3. According to Article 23: The consent of more than four-fifths of the private land and private legal building owners in the renewal unit shall be required and the land area and floor area of the legal buildings of such owners shall also account for more than four-fifths of the entire land area and floor area.
The computation of the proportion between the number of persons and the ownership of the lands and buildings mentioned in the preceding paragraph can be done to the regulations in Article 24.
When an urban renewal project is conducted in two or more approaches, the percentages of number of people and land area and floor area shall be calculated separately. The same principle shall apply when the ratio of consent described in Paragraph 2 of Article 22 is calculated.
Competent authorities should verify the proportion of agreement by the end of the exhibition, except the affairs ruled in Article 88, Article 89, and Article 92 in civil law or both of the two ends agree the revoke. If the value of allocated rights or the percentage allocated is lower than the rate when the letters of consent are issued, the owners may revoke their consent before the public exhibition comes to a conclusion.
Article 38
When an urban renewal area is demarcated or changed according to Article 7 or Subparagraphs 2 and 3, Paragraph 1 of Article 4, and some of the buildings on jointly owned land or some of the buildings on the same building base undergo reconstruction, renovation, or maintenance, the ratio of consent may be calculated according to the number of owners of the buildings to undergo reconstruction, renovation or maintenance, the ownerships and the part of building base owned without changing the unit ownerships of the unit owners of other buildings and the part of the building base they own.
Article 39
Unless ownership is acquired before registration through inheritance, compulsory execution, expropriation, or court decisions and related proof documents can be presented with the application or presentation for approval and the ratio of consent calculated according to Paragraph 2 of Article 22 or Paragraph 1 of Article 37 may be validated according to the information recorded in such documents, the information recorded in the land register, building register and legal building certificates, or proof documents issued by the competent authority of the municipality or county (city) shall be adopted.

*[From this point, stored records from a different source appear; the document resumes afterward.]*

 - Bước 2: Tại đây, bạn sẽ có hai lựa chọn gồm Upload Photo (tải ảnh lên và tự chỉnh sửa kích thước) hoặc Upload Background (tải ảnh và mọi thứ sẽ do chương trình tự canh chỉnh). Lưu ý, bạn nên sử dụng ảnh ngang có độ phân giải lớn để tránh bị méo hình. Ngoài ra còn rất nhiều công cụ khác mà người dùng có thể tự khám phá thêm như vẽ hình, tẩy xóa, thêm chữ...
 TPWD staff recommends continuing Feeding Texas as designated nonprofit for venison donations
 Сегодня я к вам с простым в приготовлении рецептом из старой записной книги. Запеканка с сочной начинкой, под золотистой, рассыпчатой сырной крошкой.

If the properties are indicated in the registers and the proof documents described in the preceding paragraph as jointly owned, or inheritance is not yet registered and the properties are jointly owned by the inheritors before they are divided, the number of joint owners giving their consent shall be considered the number of people giving their consent and the ratio of such joint owners giving their consent to the total number of people shall be multiplied by the size of the jointly owned area, and the product shall be considered the consent representing such an area.
Article 40
When finding abnormal increases of holders of land and legal building ownerships in a renewal unit during reviewing, the competent authority shall investigate, examine related evidence, and make corresponding decisions or handle disputes in accordance with Article 29.
Article 41
In order to draft the urban renewal project plan, the implementers can appoint persons to enter into public lands or buildings within the renewal area for investigation or survey. The persons should notify the owner(s), manager(s), or the user(s) before entering the land or buildings.
It should be approved by municipal, county (city) authority while conducting the investigation or survey as mentioned in the preceding paragraph. But, it is not restricted by this regulation if municipal, county (city) authority is conducting it.

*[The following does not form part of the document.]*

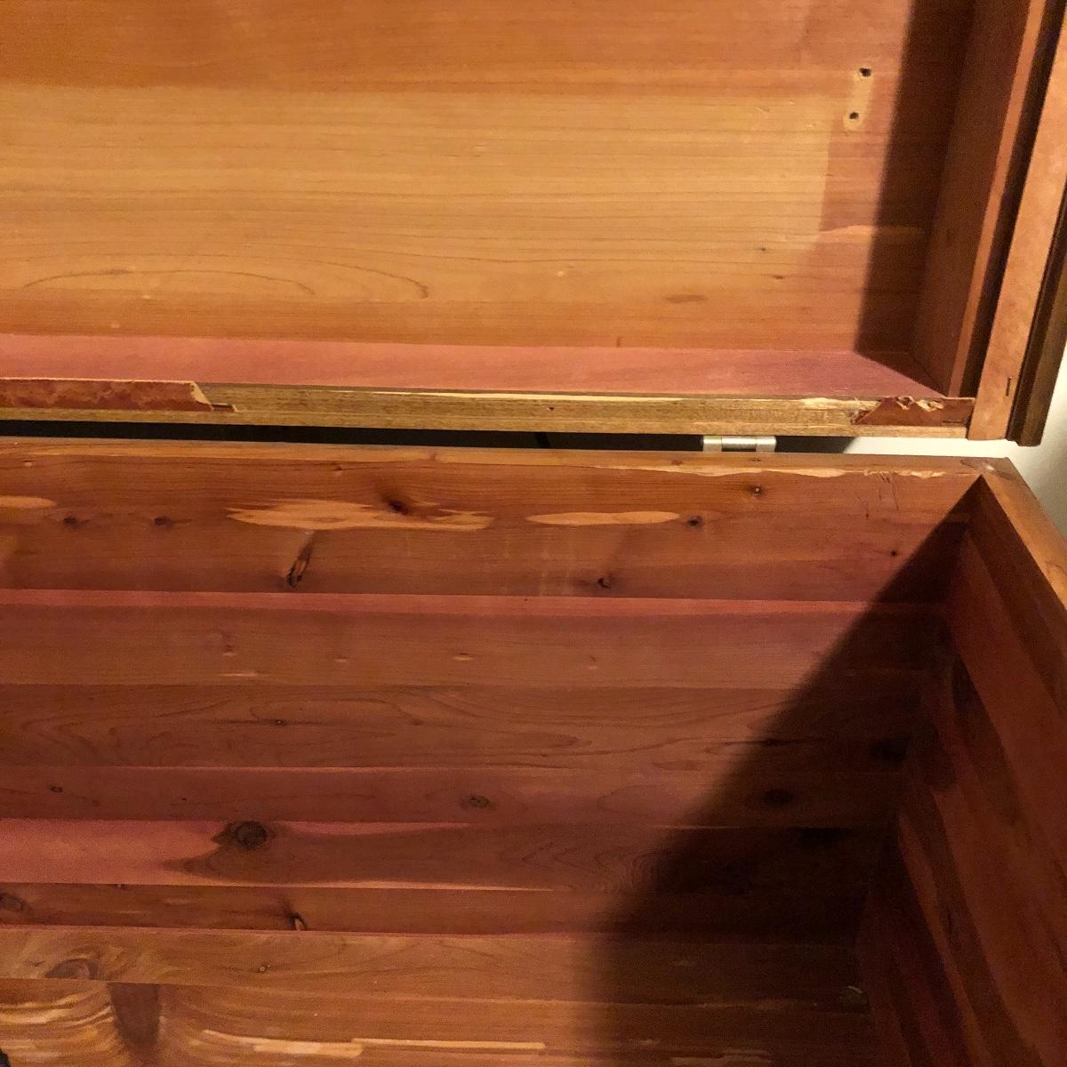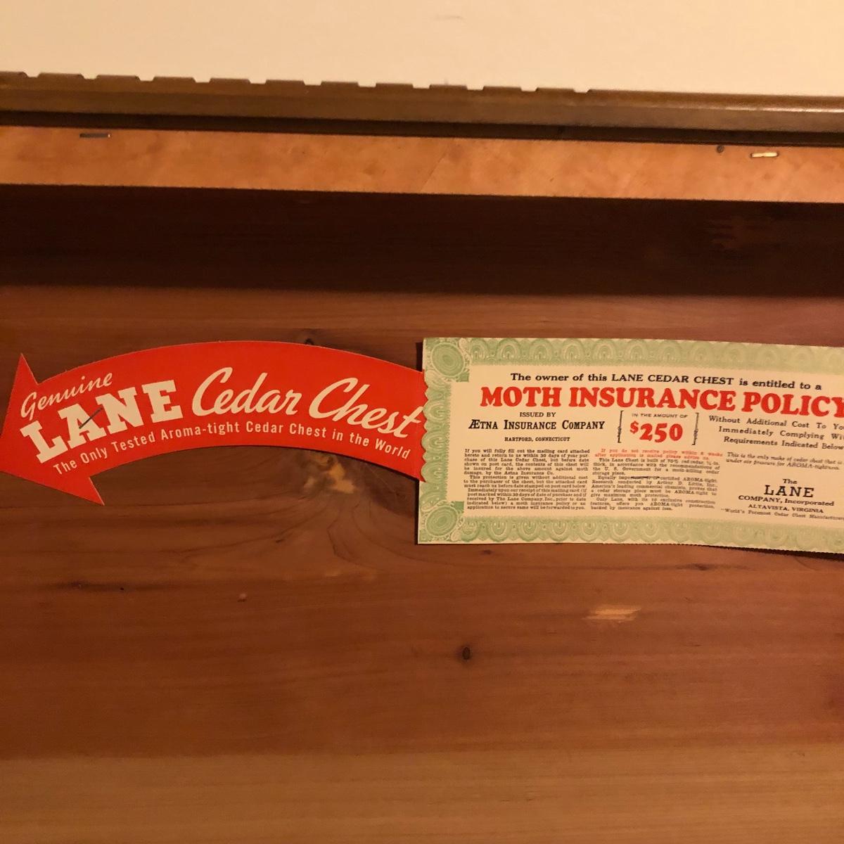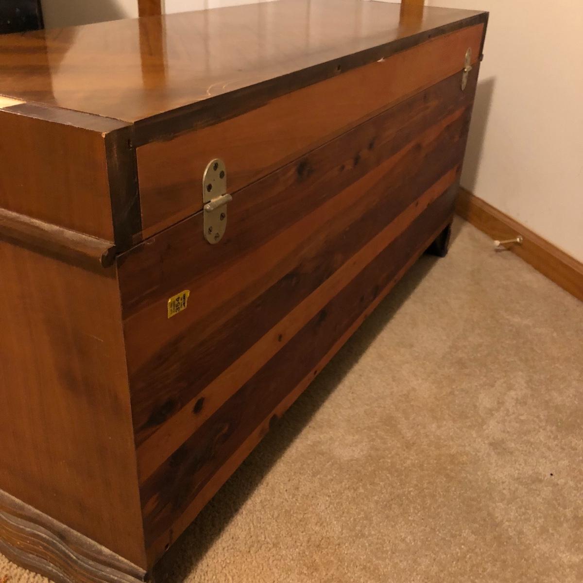 Keep the moths away from your fabric with this vintage Lane Cedar Chest. Open the top to the Wonderful smell of cedar. Chest has some veneer missing and the lock has been disabled and hinges taken off, see pictures. Please note that Lane had several recall on chests for locks, you can go to Lane.com to see if this chest needs a replacement lock. There is no charge for replacement. This is a safety recall and we cannot verify that this one has been done.

When conducting the investigation or survey as stated in the first paragraph, and if there is a need to remove obstacles on that land, the owner, manager, or the user should be informed, otherwise if the owner, manager, or the user suffers losses, they should be compensated; the compensation amount is negotiated by both parties, but if negotiations fail, it shall be determined by the municipal, county (city) authority.
Article 42
After the renewal area is designated, the municipal, county (city) authority can consider the existing needs in order to make a public announcement that reconstruction, extensions, new constructions, taking gravel/soil, or changing the terrain within the renewal area is prohibited. However, implementation that does not affect urban renewal is not restricted by this regulation.
The duration of the prohibition mentioned in the preceding paragraph cannot exceed two years.

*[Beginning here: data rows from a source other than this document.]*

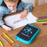 Pikselowane topory Minecraft nadają temu piórnikowi wyjątkowy, gamingowy charakter.
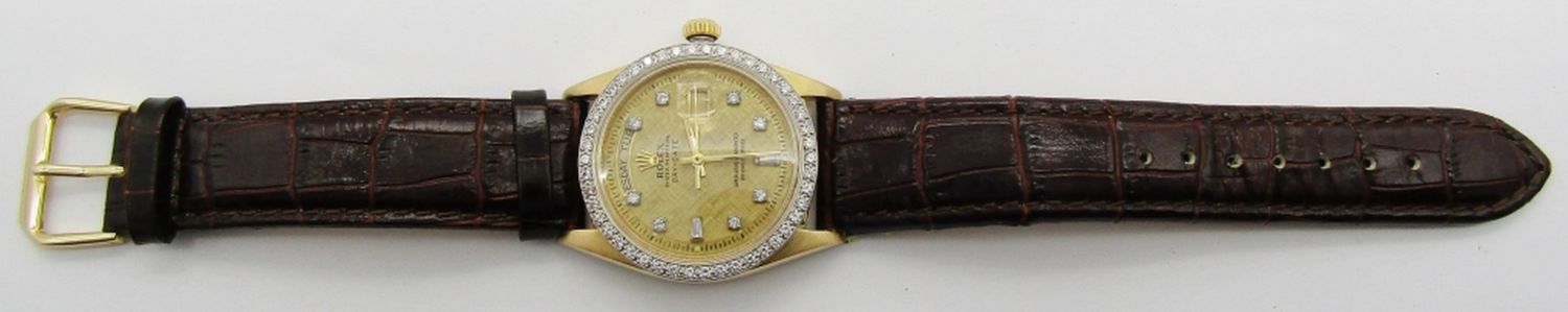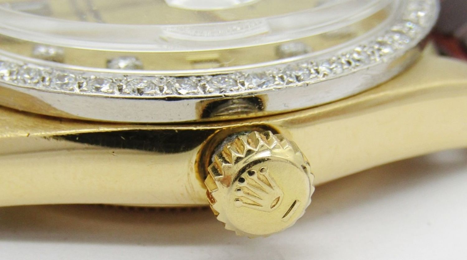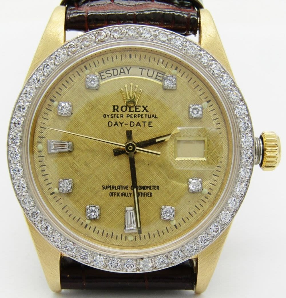 Aftermarket Diamond Dial And Bezel. 26 Jewel Cal 1556 Movement. 36mm Diameter. New Strap & Crystal.
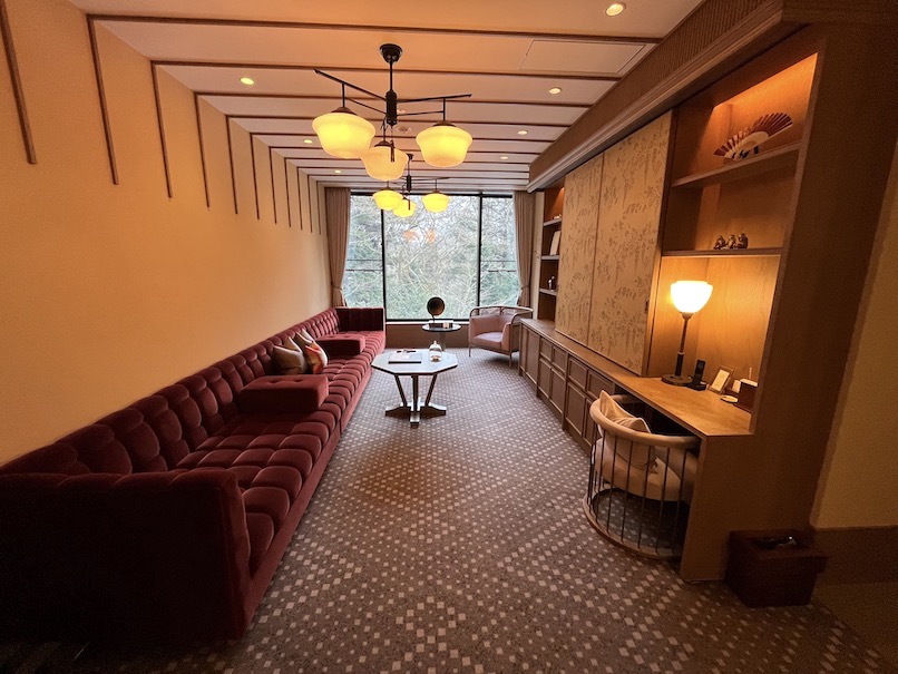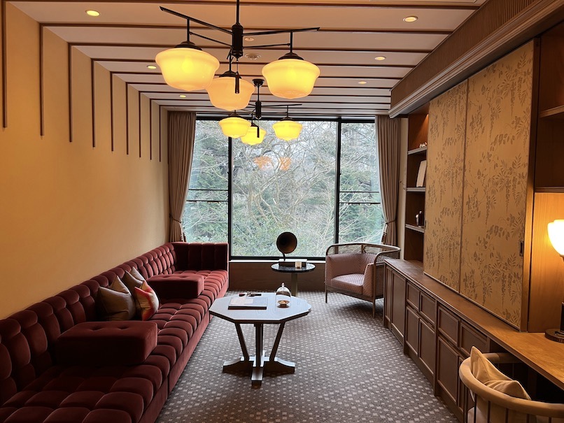 こちらのホテルは全室スイートでプライベート温泉付きの豪華な仕様となっています。客室は広々としており大正ロマンを感じさせるレトロな内装も和洋折衷で素敵ですね。
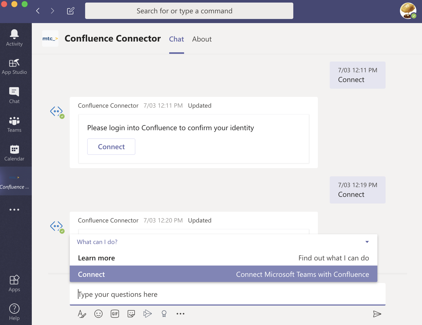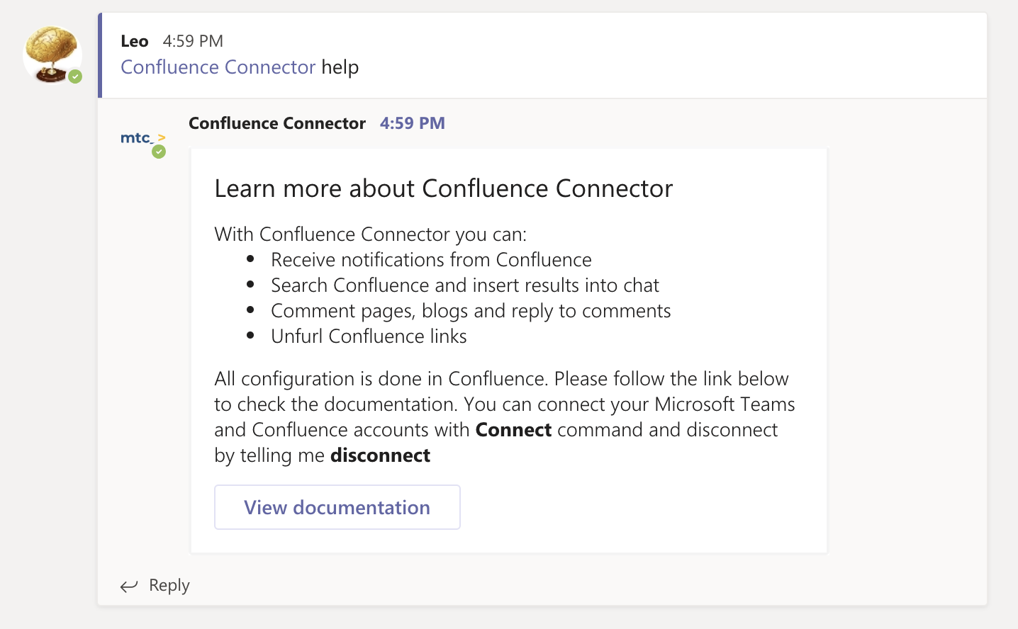 Microsoft Teams Confluence Connector Bot functionality
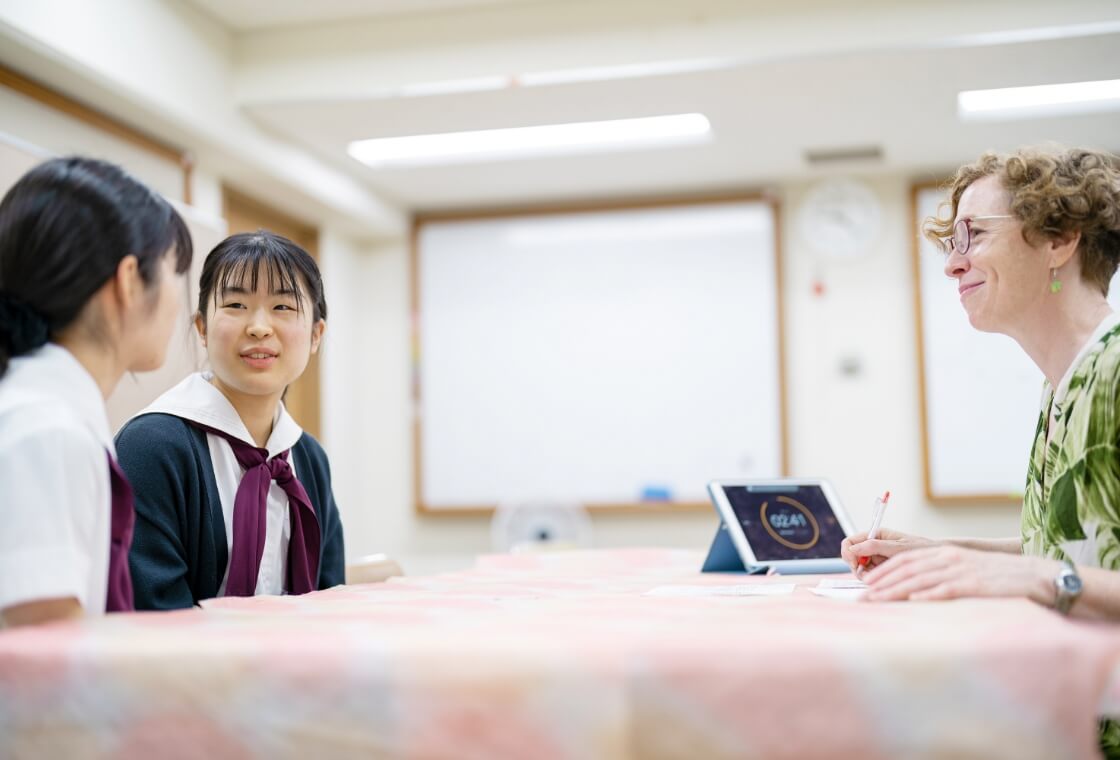 3段階の習熟度別授業を行い、上級クラスは、ネイティブの教師と文学作品を読む時間があります。ニーズに応じた演習も選択でき、高い英語力を養います。英会話は、ディベート、英作文などを通して自由に議論ができる語学力の修得を目指します。
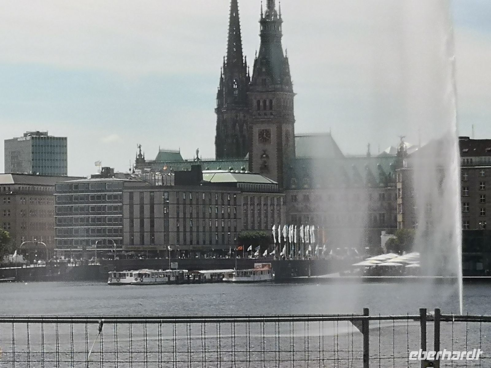 Erst ging es vorbei am Alsterpark mit schönem Blick über die Innenalster auf die Skyline von Hamburg mit den drei Kirchen, St.Jacobi-, St.Katherinen- und der St. Michaelis Kirche.

Anyone violating the regulation stated in the first paragraph will be ordered to demolish, reconstruct, stop using, or restore to its original state by the municipal, county (city) authority.
Article 43
The right transformation method can be used to reconstruct the area within the urban renewal project plan area; however, the authorities or relevant authorities can conduct land expropriation, zone expropriation, or urban land consolidation methods to implement it. Those governed by the regulations in other laws or as agreed by all the owners of the lands and legal buildings can use the method of joint construction agreement or other methods to implement it.
When using zone expropriation to implement an urban renewal project, the authority shall prescribe the percentage between the total area of the offset price land and the total area of the zone expropriation land after considering the actual situation.
Article 44
When using the method of joint construction agreement to implement an urban renewal project, if the implementation is not agreed upon by all the owners of the lands and legal buildings but the agreement is over 80% of private land area and private floor area of legal buildings, joint construction agreement can be carried out partially. In that part in which owners agreed to participate in a joint construction agreement can be implemented by the way. In another part, for those land and legal buildings which disagreed to participate in the joint construction agreement, the right transformation can be applied.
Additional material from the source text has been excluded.